My family has been fortunate to have become a small part of this circle, expanding its reach and its ties to the U.S. Lori has earned her own place in the hearts of many in Leon. She began going as an interpreter, venturing into operating rooms and relaying communication between locals and American doctors. 

Over time her father learned Spanish, so Lori became a personal liaison between local families and the American medical professionals. She also became the guide to take the American medical professional on trips to visit the unique places in Nicaragua when they took a day off from the hospital, going to cathedrals, volcanoes, coffee plantations, colonial cities, crater lagoons, beaches or rain forests. All these years, Lori has also quietly does her own charitable work, hauling books and school supplies and toys to orphanages or to the children’s ward of the hospital. For years I have looked at photographs of smiling children on the receiving end of her kindness.

Many who live in Waynesville may remember when Gustavo, Fernanda or Anna Raquel were students at Waynesville Middle or Tuscola High School. These were children of doctors who came into our home on informal exchanges and lived with us for up to six months at a time. While were in Leon in April, my daughter Hannah reconnected with these friends as the now young adults spent some late nights out on the town and a day snowboarding on rocks down a volcanic mountain.

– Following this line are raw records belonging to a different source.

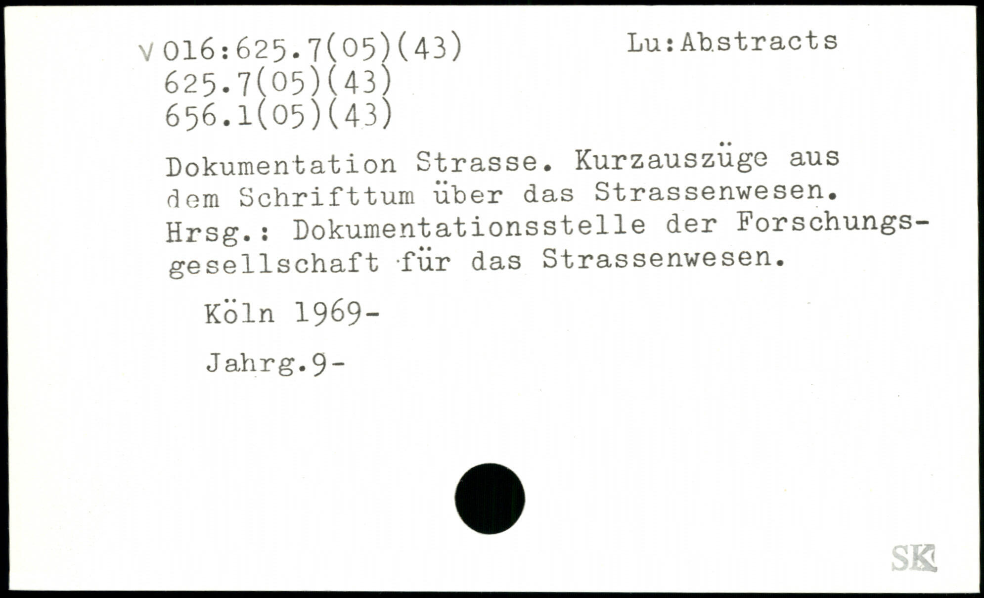 Dokumentation Strasse. Kurzauszüge aus dem Schrifttum über das Strassenwesen. Hrsg.: Dokumentationsstelle der Forschungsgesellschaft -für das Strassenwesen.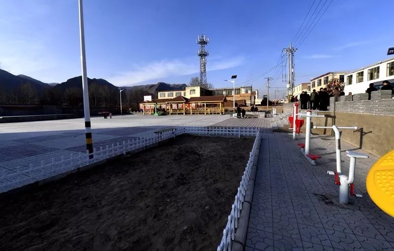 局领导与村两委班子成员在新建的全民健身广场进行调研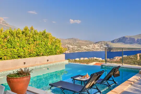 Kalkan merkezde konumlanan deniz manzarali lüks bir villadir. Villamiz 3 yatak odali olan villamizda toplamda 6 kisi konaklayabilmektedir. Kiralik yazligimizin tam donanimli Amerikan mutfaginda ihtiyaç duyabileceginiz tüm ekipmanlar mevcut olup mobilyalarla dizayn edilmis salonu hizmetinizdedir.Havuz ve bahçe terasinda eglenceli vakitler geçirebilirsiniz.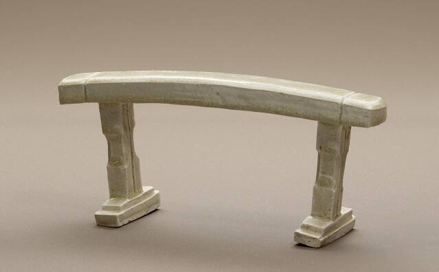 DescriptionA miniature narrow cushion-shaped oblong armrest on trestle supports.Provenance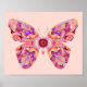 Esta poster é uma borboleta caleidoscópica marmoreada com fundo de pêssego claro. As cores são lavanda, cor-de-rosa-rosa, ouro amarelo, laranja e roxo.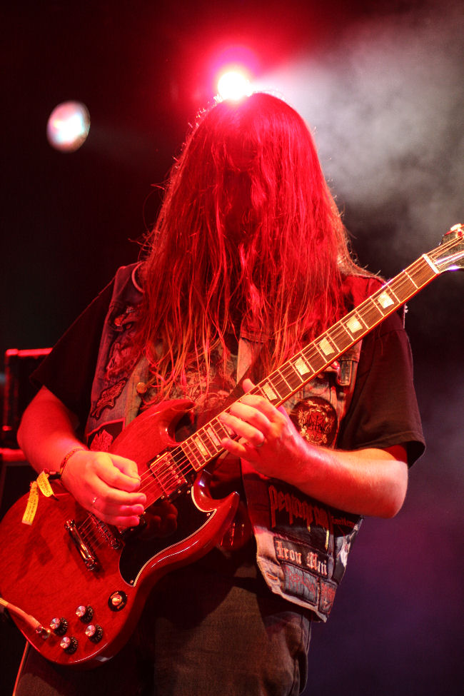 I was intrigued to watch Savage Messiah on the Sophie stage…it’s a good few years since I saw them in fact I’m not sure that our paths have crossed since they changed from their original moniker of Headless Cross. They always struck as the least accessible of the modern thrash bands, having more of a technical slant, not that it’s a bad thing. Today they are firing on all cylinders as they unleash their set of punishing old school thrash upon the audience through tracks like ‘Blade Of Conscience’. Killer solos and energetic riffs are dished out through a layer of flying hair, and ‘Intension Rising’ is aggressive as hell. Just the short sharp shot of espresso the system needs to kick start a second day of metal. (LH)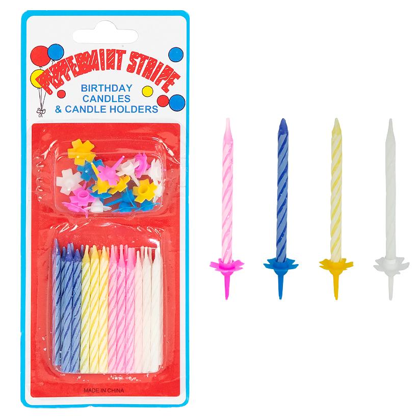 Набор mini свечей для торта состоит из 24 свечек и 12 подсвечников. Свечи могут использоваться для украшения тортов на любых праздниках. Длина каждой свечи составляет 5,5 см, диаметр - 4 мм. В наборе представлены свечи 4 различных цветов.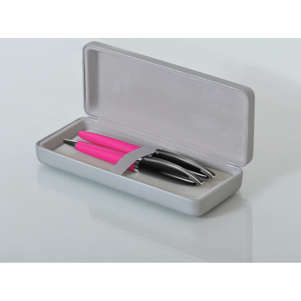 Цвет, близкий к Pantone 213C. Чернила такой ручки отличаются меньшей вязкостью - это означает, что линии письма будут более четкими и точными. Ручка пишет очень гладко, практически без нажима. Стержень Metal Roller, толщина пишущего узла 0.7 мм, синие чернила.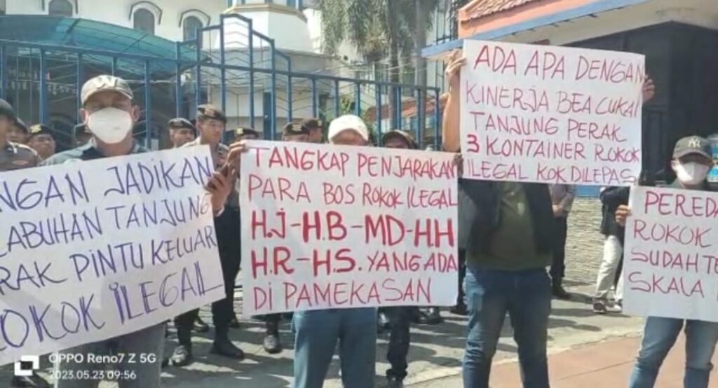 SIDOARJO | Kabarmetronews.com – Masih dalam tahapan aksi demontrasi lanjutan yang digelar oleh Aliansi Madura Indonesia (AMI) ke kantor wilayah Beacukai Jatim 1 dan kantor beacukai pelabuhan Tanjung Perak Surabaya, kini memasuki hari ke dua, hal ini lantaran untuk menyampaikan aspirasi terkait maraknya peredaran pabrik rokok ilegal yang banyak beredar di Madura dan Malang.

Our ties to Leon have also been strengthened from time spent on the porch of my mountain house. Bill brought many of those interns who visited Raleigh to Waynesville, staying at the Oak Park Inn and visiting the sites here. That trip always included long sunset dinners on our porch with great food, singing and guitar playing, cigars and the fantastic Nicaraguan rum, Flor de Cana. 

Many of those doctors could not speak English and my Spanish is awful, but it didn’t matter. We became friends, and I reconnected with many of them during this recent visit.

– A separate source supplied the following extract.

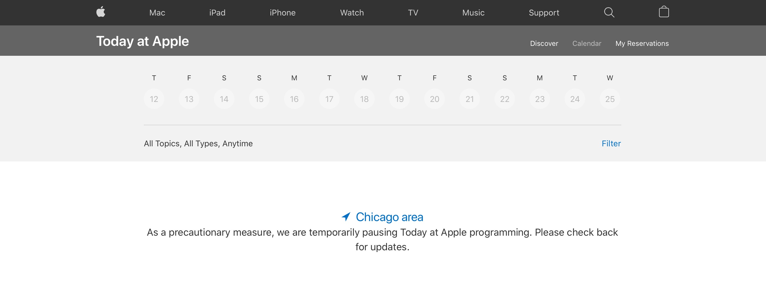As global efforts to mitigate the effects of the COVID-19 disease continue, Apple has temporarily suspended Today at Apple sessions at all stores in the United States, Canada, Mexico, and Brazil. The pause in creative programming follows a steady stream of daily new health precautions at Apple Stores and regional session cancelations earlier in the week.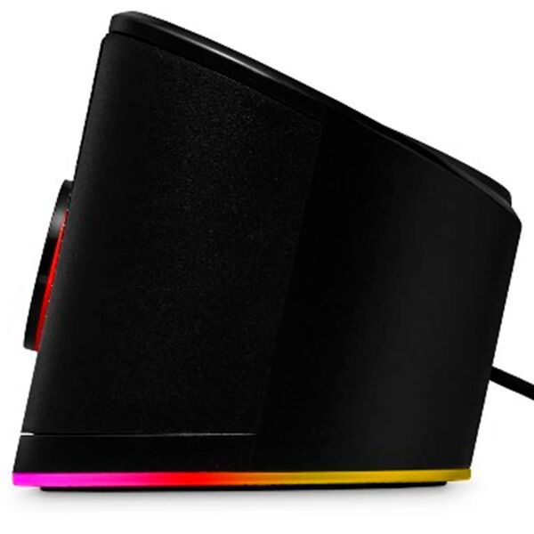 Переключатель LED подсветки касанием на верхней крышке, объемный звук, длина кабеля 1 м, суммарная выходная мощность (RMS) 6 Вт, Размер динамиков 2", соотношение сигнал/шум 65 дБ.

Mario came up to our table during the celebration and asked if we remembered him. Of course Lori recalled his name, and the young doctor retold how he had visited us during the Tuscola graduation of our daughter Megan. He remembered comments from the speaker, details of the ceremony, and he told us about a smooth rock he had picked up from a stream we took him to play in. 

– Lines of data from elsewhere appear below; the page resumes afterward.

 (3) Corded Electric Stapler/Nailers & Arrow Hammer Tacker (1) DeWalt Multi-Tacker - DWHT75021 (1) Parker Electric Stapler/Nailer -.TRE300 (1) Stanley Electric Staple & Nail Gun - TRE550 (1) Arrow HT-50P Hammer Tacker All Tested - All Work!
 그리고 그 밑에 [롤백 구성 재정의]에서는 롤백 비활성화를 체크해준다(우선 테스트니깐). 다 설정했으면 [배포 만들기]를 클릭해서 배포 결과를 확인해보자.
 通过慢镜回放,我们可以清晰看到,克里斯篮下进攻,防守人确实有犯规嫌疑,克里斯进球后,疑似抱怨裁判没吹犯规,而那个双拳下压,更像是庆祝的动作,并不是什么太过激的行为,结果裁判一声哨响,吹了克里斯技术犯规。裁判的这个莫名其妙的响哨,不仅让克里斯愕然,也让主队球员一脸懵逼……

He took the stone back to Raleigh and then back to his daughter in Leon, telling her about the lush mountains of Western North Carolina where he had been treated kindly by a family he had just met. He promised her then — about five years ago — that he was going to take her to the Smoky Mountains when she was a little older. So two weeks ago in Leon, we invited him and his family to come visit us and promised to give them the grand tour of the mountains.

And then a week ago we got a surprise email from another family we reconnected with. One of their sons is 17 and is planning a visit here in June to stay with us and practice his English.

And so the circle keeps coming around, again and again, this time to Western North Carolina, strengthening bonds started for us by my wife’s father and extending now down two generations to my own children. Powerful, meaningful stuff.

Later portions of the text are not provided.